I’m sitting at a verandah cafe outside Nimbin, tired and almost at the end of my tether, and I’m talking to myself. Heather brings me tea in the big blue and white china pot she keeps for me, the one with the dodgy handle. I may well sit here all day: writing, looking out towards the mist floating off the ridge of the mountain, trying to describe the weather. Rags of cloud rise out of the valley, drifting like sails, their tattered edges catching on the canopy of the forest.

I was up late reading Kathy Acker – the dead, unredeemable, beautiful Kathy Acker, the only writer who makes me feel that writing is the most important thing in the world, the most savagely political thing there is. Reading Acker makes my hands shake; I feel sick with vertigo and want to burn everything I’ve ever written.
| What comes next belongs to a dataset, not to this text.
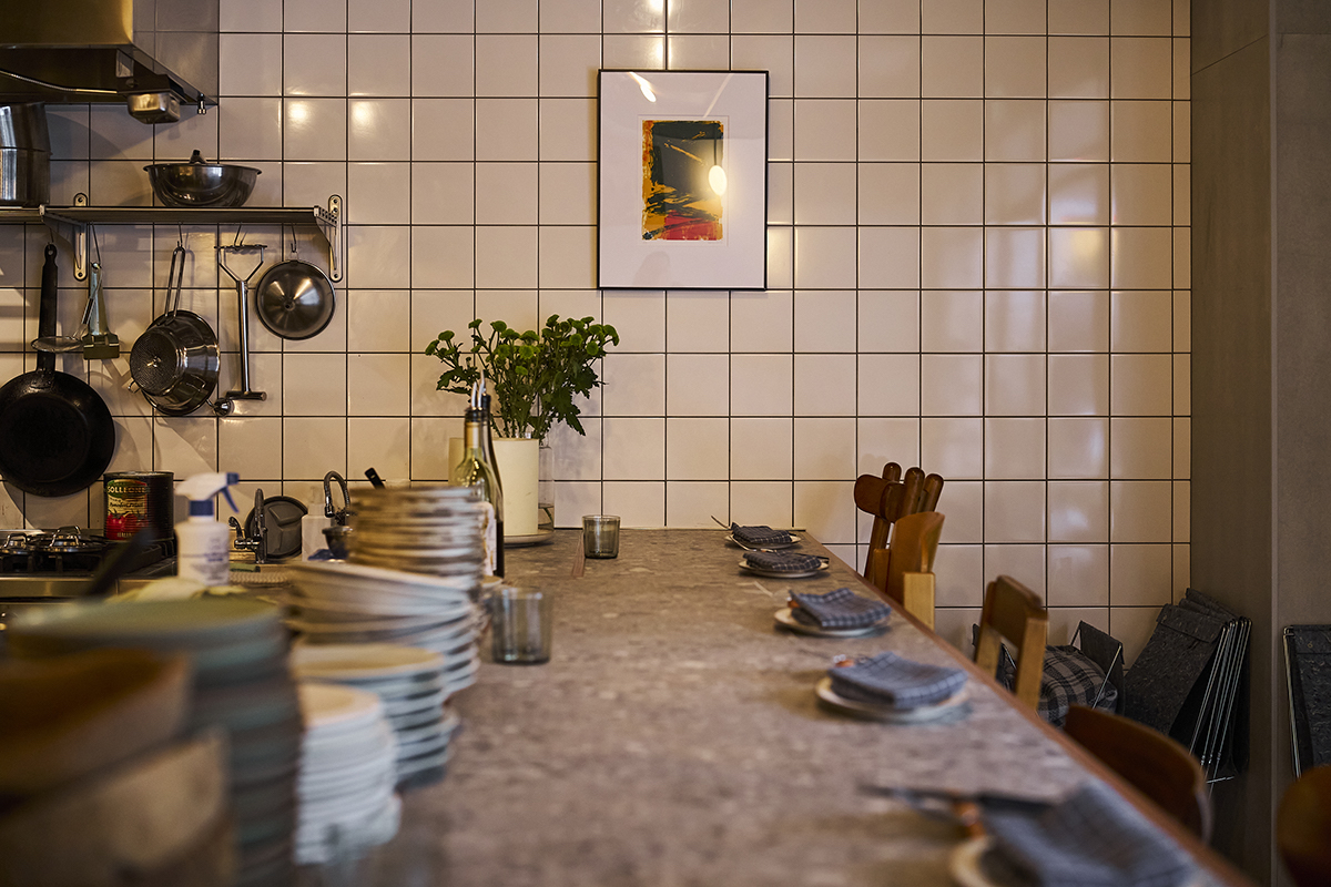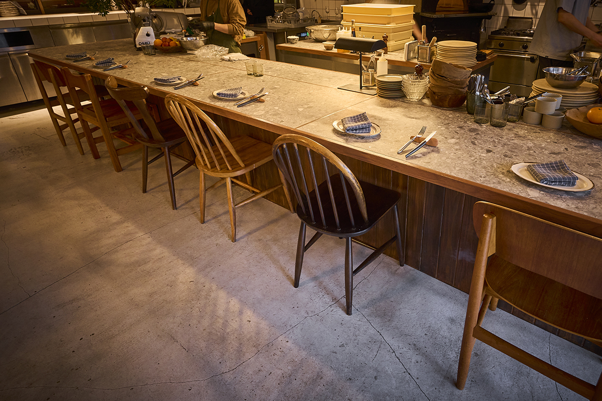 さりげなく置かれたキッチンツールや器にも細やかなこだわりやデザイン性があり、店内の整然とした雰囲気を作り出しています。

Reading Acker is like being gutted, like having my intestines emptied out like a fish and then re-stitched after being filled with broken glass and semi-precious stones.

On my DVD of Hayao Miyazaki’s Howl’s Moving Castle there is an interview with Diana Wynne Jones, the writer of the novel on which the film is based, in which she speaks movingly of her meeting with Miyazaki just before the film was released.

‘We spoke through an interpreter,’ says Jones, ‘but he seemed to understand my work in the way that no-one else has.’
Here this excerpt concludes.